I’m quickly coming to the view that the only reason people read Taibbi is because his “vampire squid” line regarding Goldman is still (reasonably enough, but still…) paying dividends.
Amir Khalid
@Chris:
The thread’s dead by now, pretty much, but I’ve only just thought of something. There’s a core of true believers among the Teabaggers, without whom the Koch brothers would have had no one to organize. And I certainly don’t disagree that the Teabaggers mistrust the motives of the GOP elite, see the elites as less than pure, and blame them for the party’s recent failures. But as I understand, the Teabagger tendency is itself split between Astroturfed and genuine grassroots groups, for just this reason. And mistrust between party base and elite does seem to me like a clear example of class conflict: the GOP’s 99%ers against the 1%ers.

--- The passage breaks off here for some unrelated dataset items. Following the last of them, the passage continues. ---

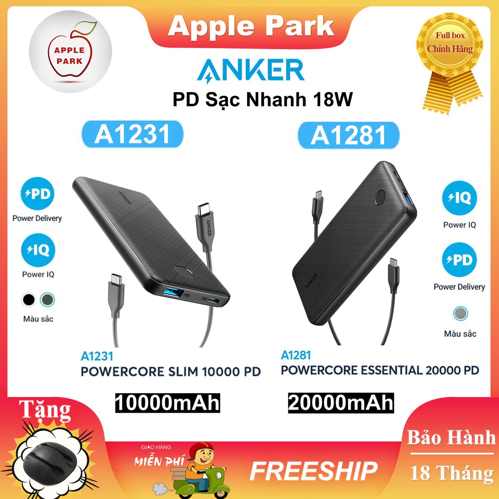 Điện Thoại & Phụ Kiện > Pin sạc dự phòng > 10000 - 20000mAh || Pin Sạc Dự Phòng ANKER A1231 10000mAh A1281 20000mAh PowerCore PD 18W Sạc Nhanh 2 Cổng Đầu Ra USB-A Max 12W PD Max 18WCòn hàng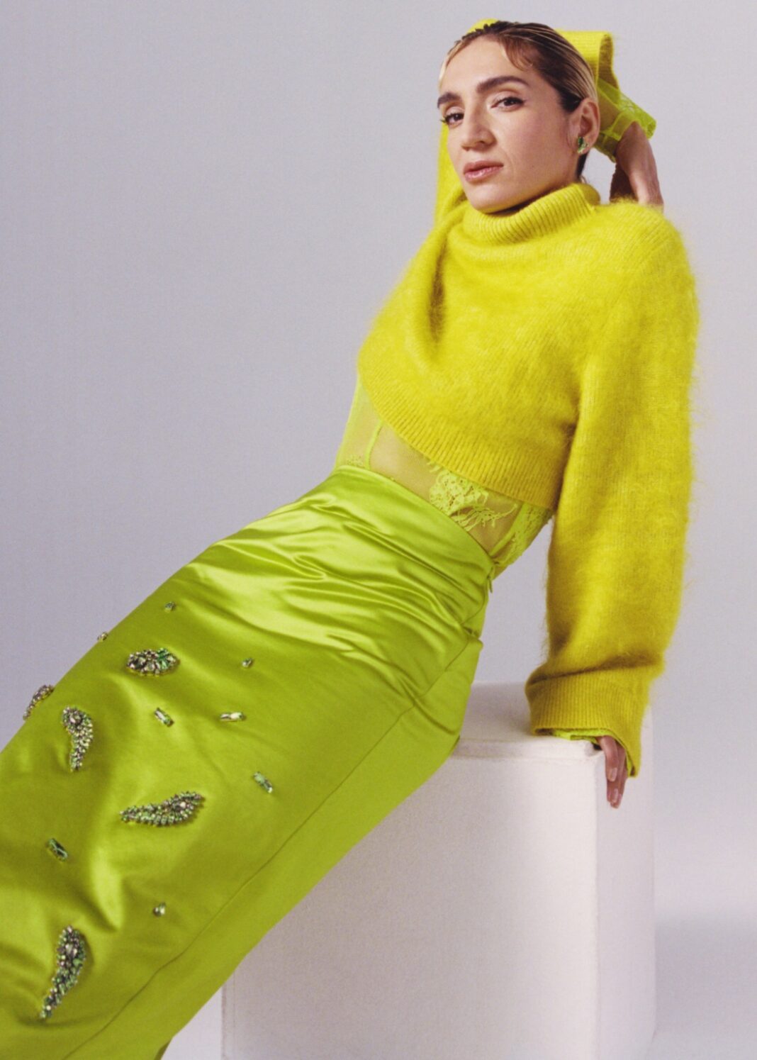 W kolekcji znajdziemy sukienki, kardigany, golfy, bluzki, wąskie spodnie, spódnice i gorsety z paletą kolorów od piaskowego beżu i czerni po soczystą limonkę i ognistą czerwień. Głównymi materiałami są szyfon, koronka, satyna i wełna.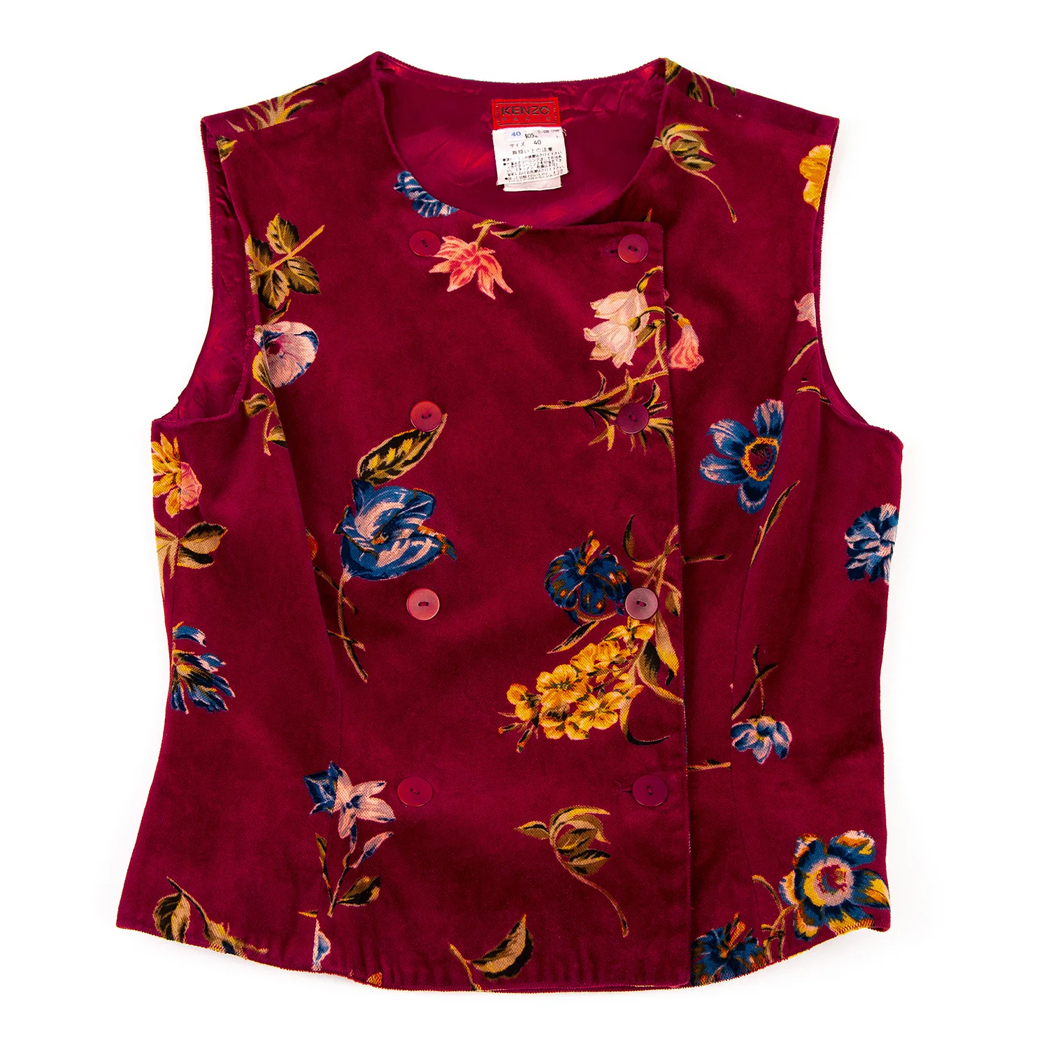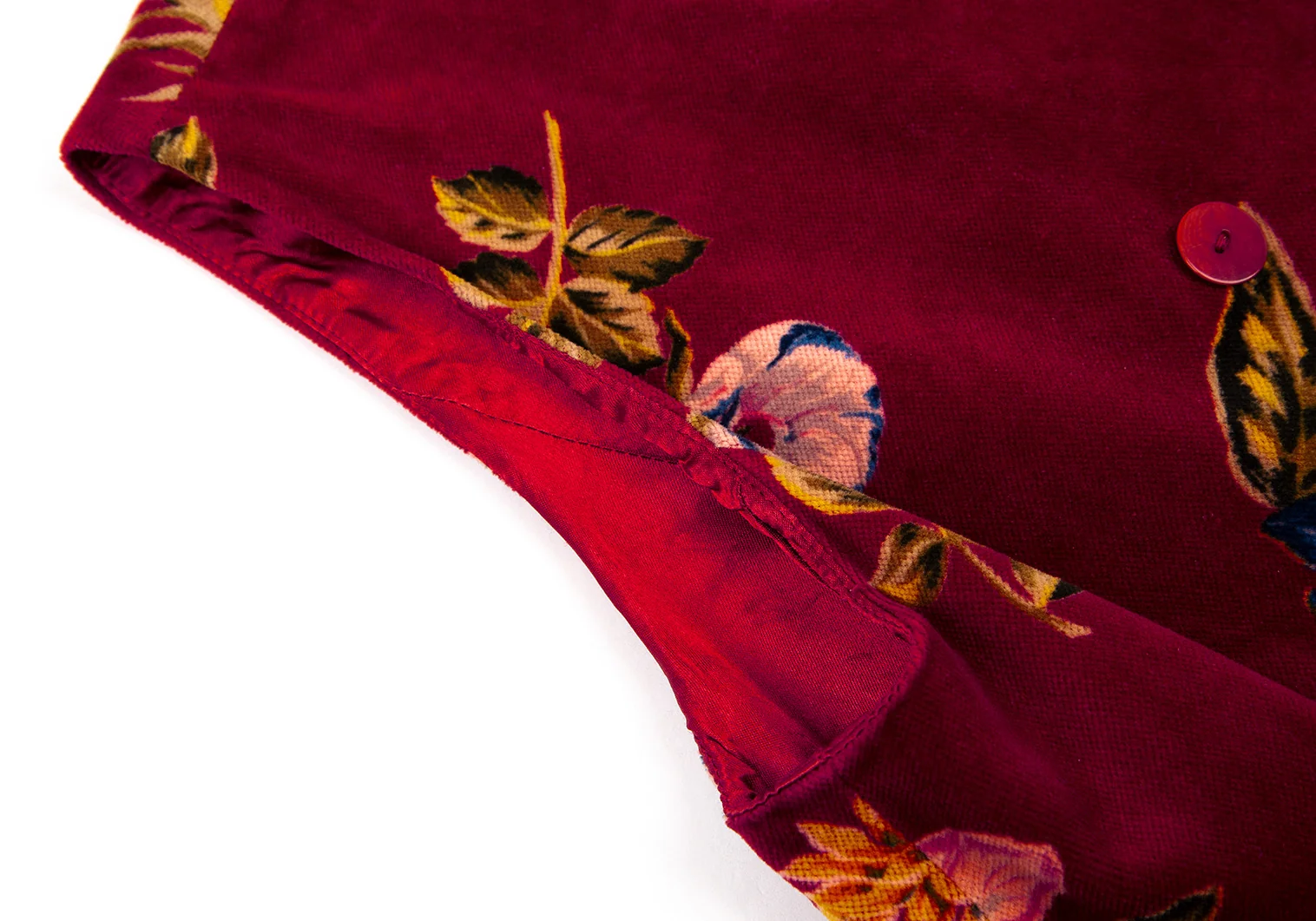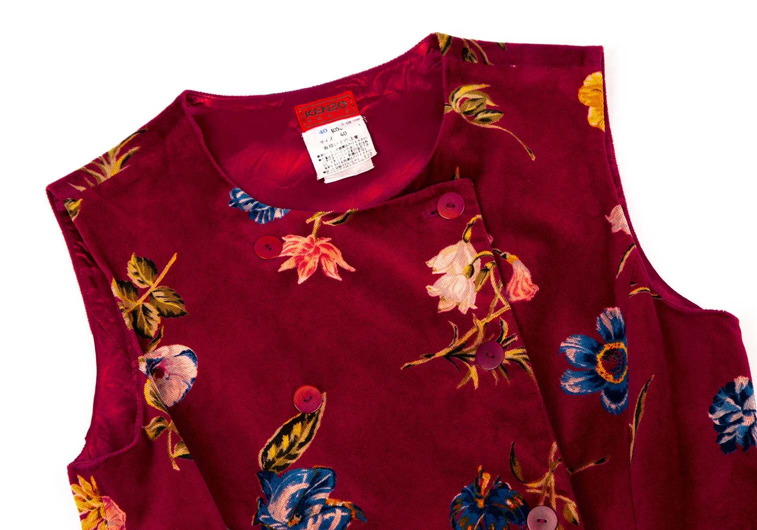 ケンゾーKENZO 花柄ダブルブレストベストセットアップ 赤40・38

Romney’s own lack of Teabagger purity cred is of course widely known. But the sense that he is the elite’s chosen man must also rankle the Teabaggers, and be part of the reason that they have not warmed to him.
Fred Fnord
@geg6:
*snicker*
Speaking as a Penn State alum, I would say I’m impressed at the 10,000 number, because a LOT less than a fifth of the student body was sane when I was there. (I’m assuming at least a quarter of those people were faculty/staff/administration, whom I always felt terribly sorry for.)
Still, that leaves four fifths who are bugfuck crazy egotists, total conservative nutbars, and/or perpetually drunken frat boys who think rape is a spectator sport.